> [Task description] Return nothing but the lines from the one with "10. On the provided" through the one with "Open your video in the Zenious editor." in the data below, word for word and without pictures.

> [Given records]
+ + +
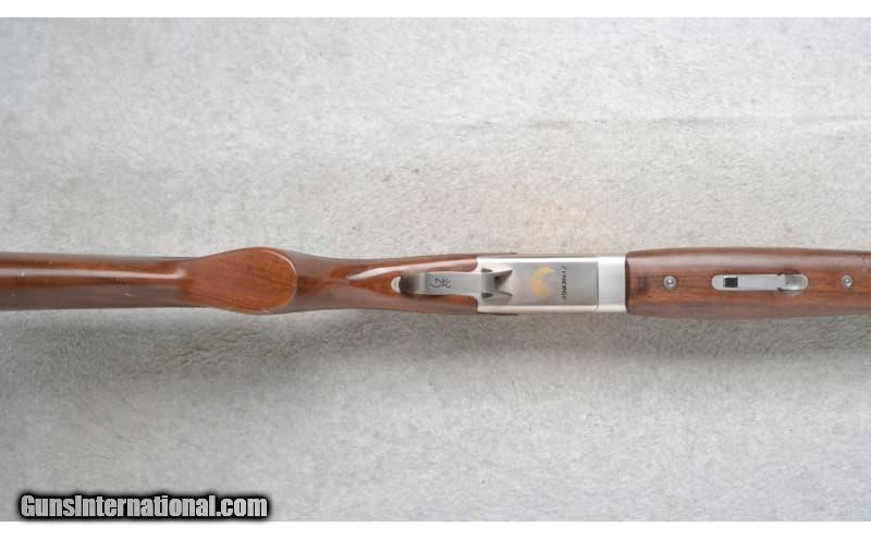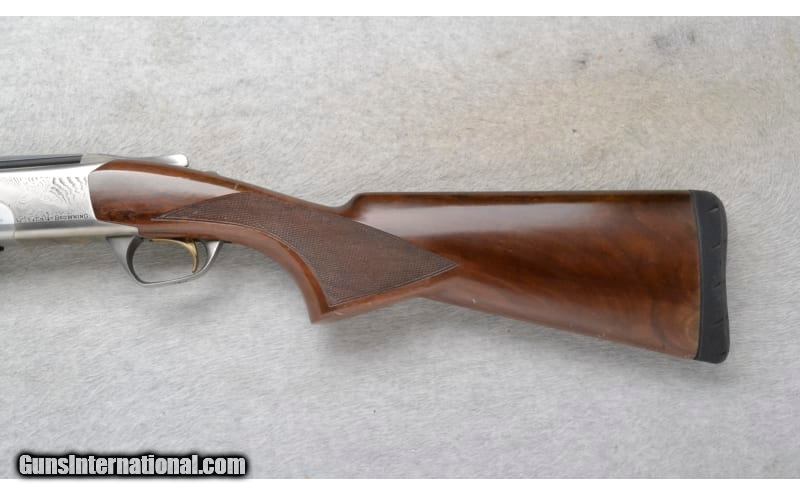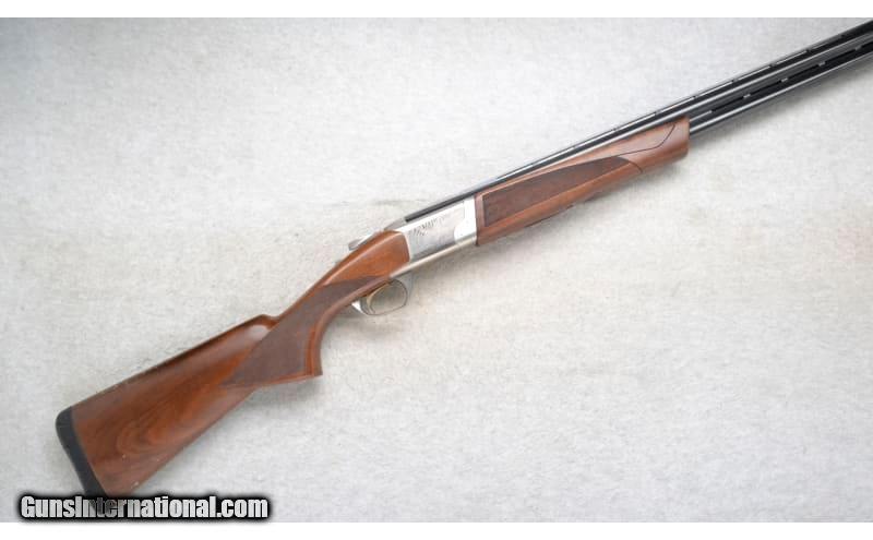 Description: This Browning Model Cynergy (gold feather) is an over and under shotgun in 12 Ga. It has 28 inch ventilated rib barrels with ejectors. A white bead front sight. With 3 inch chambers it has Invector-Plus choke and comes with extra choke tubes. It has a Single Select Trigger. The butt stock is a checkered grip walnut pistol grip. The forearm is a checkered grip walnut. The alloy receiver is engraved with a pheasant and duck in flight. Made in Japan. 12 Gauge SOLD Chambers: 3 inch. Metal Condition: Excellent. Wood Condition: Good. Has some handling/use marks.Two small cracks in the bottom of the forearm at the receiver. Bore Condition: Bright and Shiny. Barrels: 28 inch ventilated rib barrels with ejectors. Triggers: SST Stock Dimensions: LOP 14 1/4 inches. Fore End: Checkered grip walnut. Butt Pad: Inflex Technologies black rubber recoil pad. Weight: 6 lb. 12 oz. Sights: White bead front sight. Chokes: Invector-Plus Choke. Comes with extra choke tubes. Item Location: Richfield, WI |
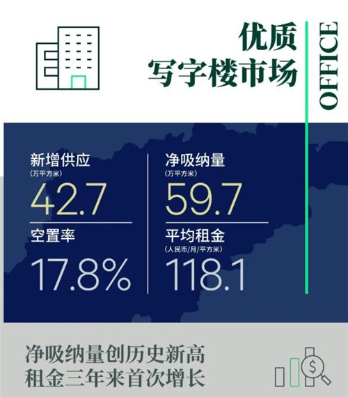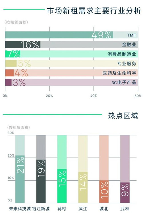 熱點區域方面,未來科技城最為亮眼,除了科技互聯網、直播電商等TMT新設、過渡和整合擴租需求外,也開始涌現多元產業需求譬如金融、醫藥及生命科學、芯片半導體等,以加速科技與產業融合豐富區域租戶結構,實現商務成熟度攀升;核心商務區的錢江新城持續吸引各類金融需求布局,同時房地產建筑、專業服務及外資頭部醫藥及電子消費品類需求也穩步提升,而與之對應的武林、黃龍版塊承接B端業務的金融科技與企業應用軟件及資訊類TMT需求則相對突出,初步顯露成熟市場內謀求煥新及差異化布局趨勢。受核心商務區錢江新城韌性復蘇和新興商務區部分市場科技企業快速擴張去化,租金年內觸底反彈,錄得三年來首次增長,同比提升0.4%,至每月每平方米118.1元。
+ + +
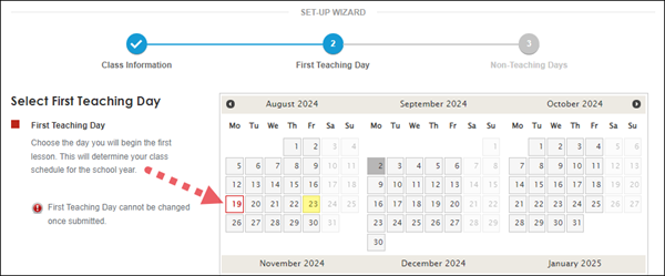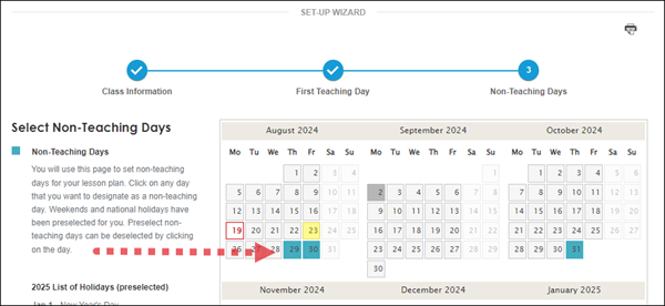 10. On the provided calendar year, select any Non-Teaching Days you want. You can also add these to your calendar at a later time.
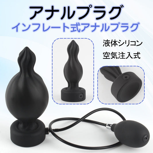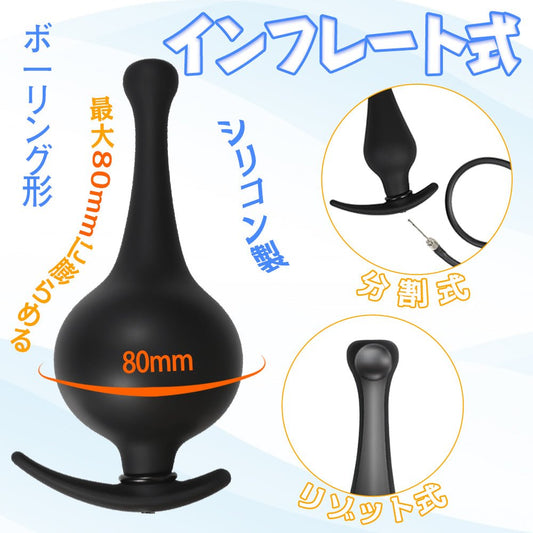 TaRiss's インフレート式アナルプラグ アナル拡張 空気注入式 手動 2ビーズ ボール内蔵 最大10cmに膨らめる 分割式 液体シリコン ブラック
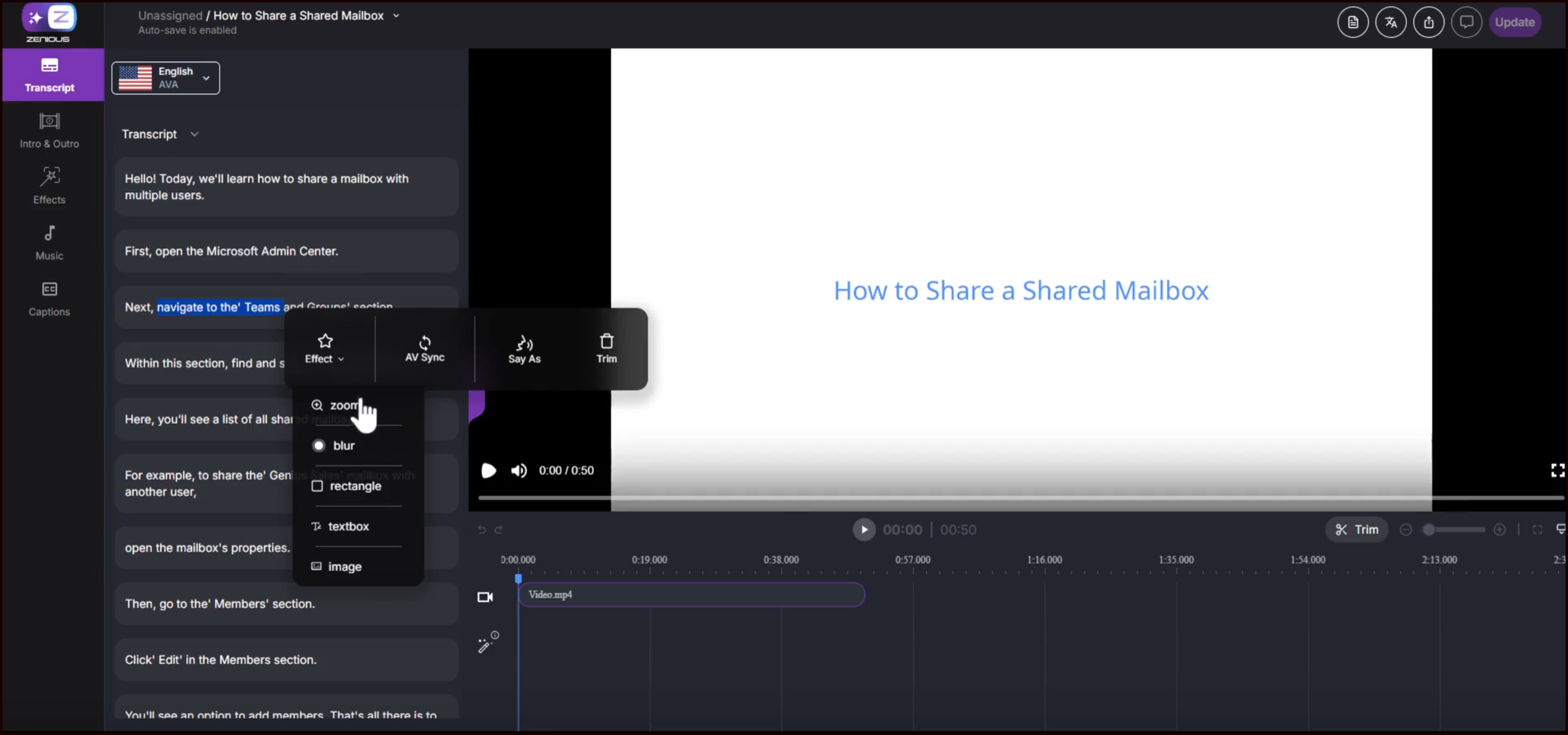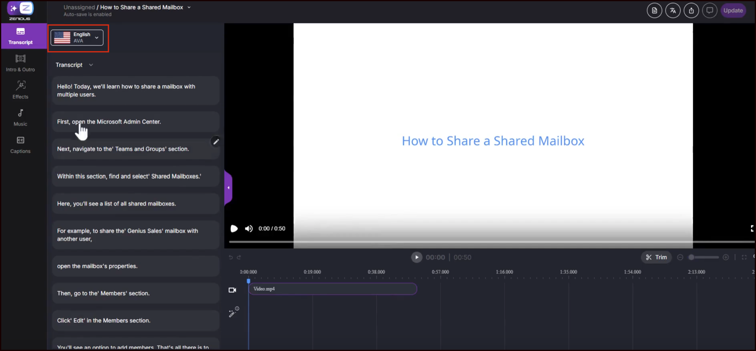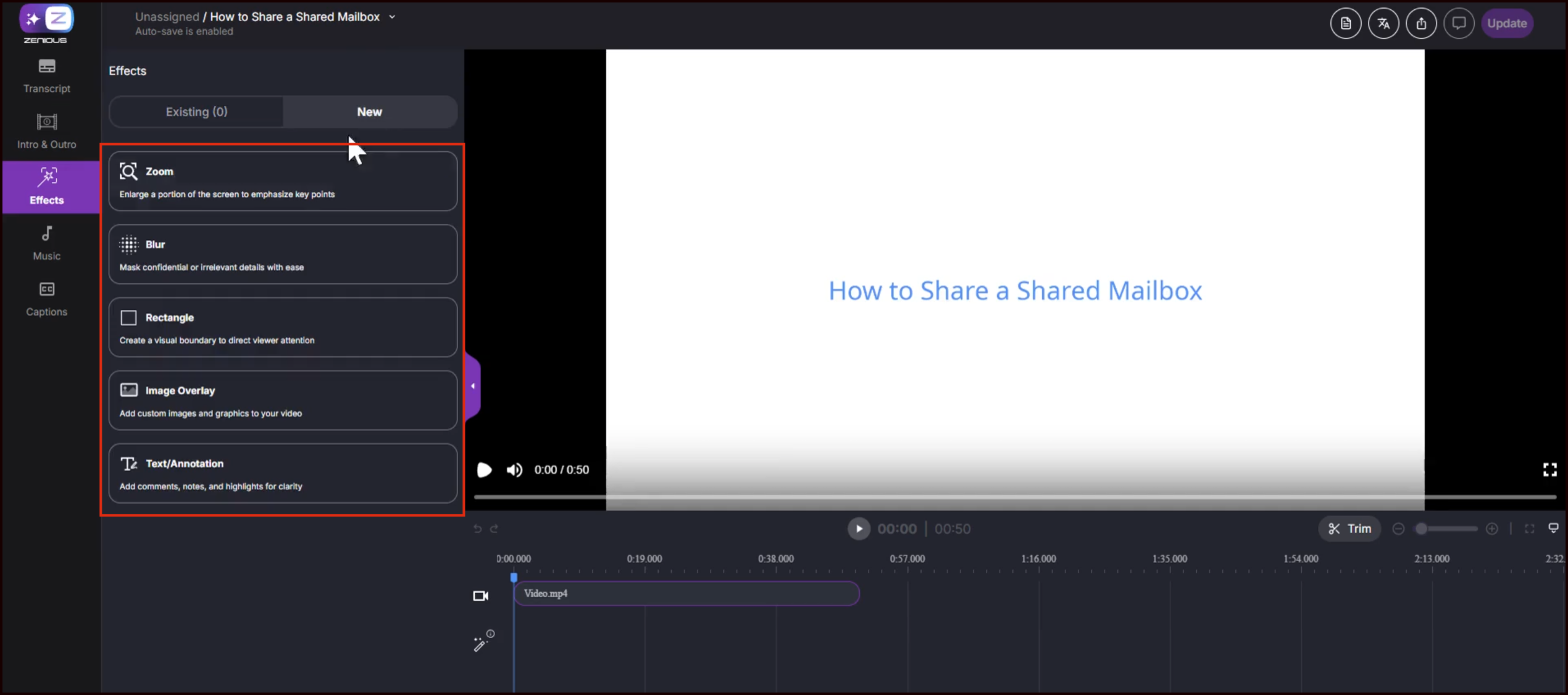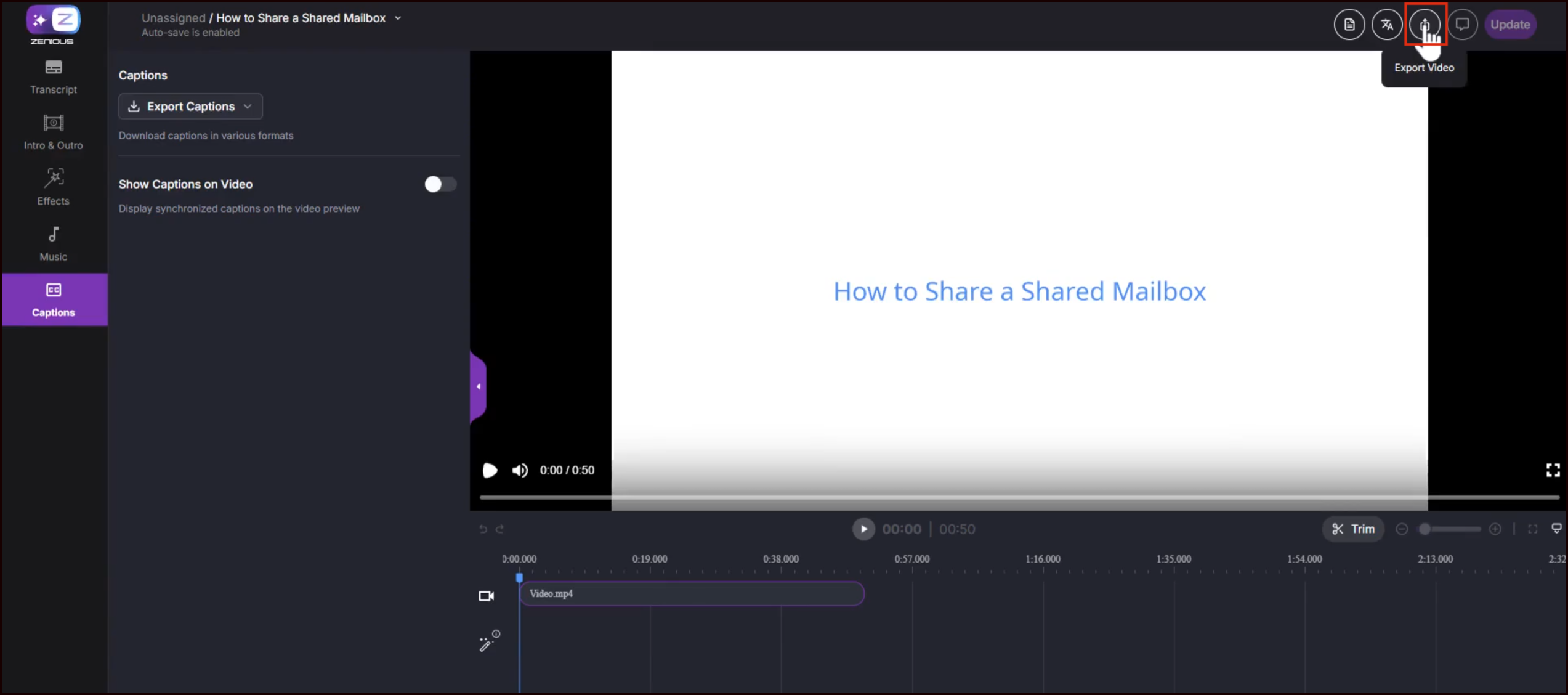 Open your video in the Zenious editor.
+ + +
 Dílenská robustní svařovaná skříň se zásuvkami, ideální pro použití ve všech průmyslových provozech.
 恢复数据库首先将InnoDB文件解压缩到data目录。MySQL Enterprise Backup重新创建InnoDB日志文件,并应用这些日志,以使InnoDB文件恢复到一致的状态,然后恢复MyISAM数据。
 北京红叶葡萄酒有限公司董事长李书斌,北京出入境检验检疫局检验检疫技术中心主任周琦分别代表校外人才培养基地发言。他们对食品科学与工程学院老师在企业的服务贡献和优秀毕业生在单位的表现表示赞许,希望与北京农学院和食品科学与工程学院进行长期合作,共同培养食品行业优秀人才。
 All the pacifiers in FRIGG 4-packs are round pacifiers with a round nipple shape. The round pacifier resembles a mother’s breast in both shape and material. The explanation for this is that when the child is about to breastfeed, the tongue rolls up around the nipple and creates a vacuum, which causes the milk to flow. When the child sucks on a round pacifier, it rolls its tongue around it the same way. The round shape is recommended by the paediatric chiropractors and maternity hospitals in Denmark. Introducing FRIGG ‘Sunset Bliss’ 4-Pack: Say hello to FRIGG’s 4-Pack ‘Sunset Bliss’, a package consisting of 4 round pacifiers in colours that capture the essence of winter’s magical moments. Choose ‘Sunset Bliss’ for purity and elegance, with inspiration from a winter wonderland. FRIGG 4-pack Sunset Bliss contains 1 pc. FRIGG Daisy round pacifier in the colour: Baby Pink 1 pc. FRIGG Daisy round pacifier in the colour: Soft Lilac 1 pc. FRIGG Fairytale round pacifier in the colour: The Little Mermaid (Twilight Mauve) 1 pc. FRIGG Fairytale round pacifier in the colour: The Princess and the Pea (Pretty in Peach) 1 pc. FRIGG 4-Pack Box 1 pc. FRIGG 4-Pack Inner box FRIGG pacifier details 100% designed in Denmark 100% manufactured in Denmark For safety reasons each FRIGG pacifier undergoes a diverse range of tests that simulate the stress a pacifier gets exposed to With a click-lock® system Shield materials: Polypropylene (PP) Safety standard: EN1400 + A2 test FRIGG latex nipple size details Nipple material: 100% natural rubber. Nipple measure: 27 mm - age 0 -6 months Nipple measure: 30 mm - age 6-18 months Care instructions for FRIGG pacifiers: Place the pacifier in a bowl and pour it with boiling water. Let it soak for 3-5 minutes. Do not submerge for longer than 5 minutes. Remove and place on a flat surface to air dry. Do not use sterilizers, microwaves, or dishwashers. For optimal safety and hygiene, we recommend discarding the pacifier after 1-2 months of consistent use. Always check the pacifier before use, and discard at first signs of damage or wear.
+ + +
> [Solution]
 10. On the provided calendar year, select any Non-Teaching Days you want. You can also add these to your calendar at a later time.
 TaRiss's インフレート式アナルプラグ アナル拡張 空気注入式 手動 2ビーズ ボール内蔵 最大10cmに膨らめる 分割式 液体シリコン ブラック
 Open your video in the Zenious editor.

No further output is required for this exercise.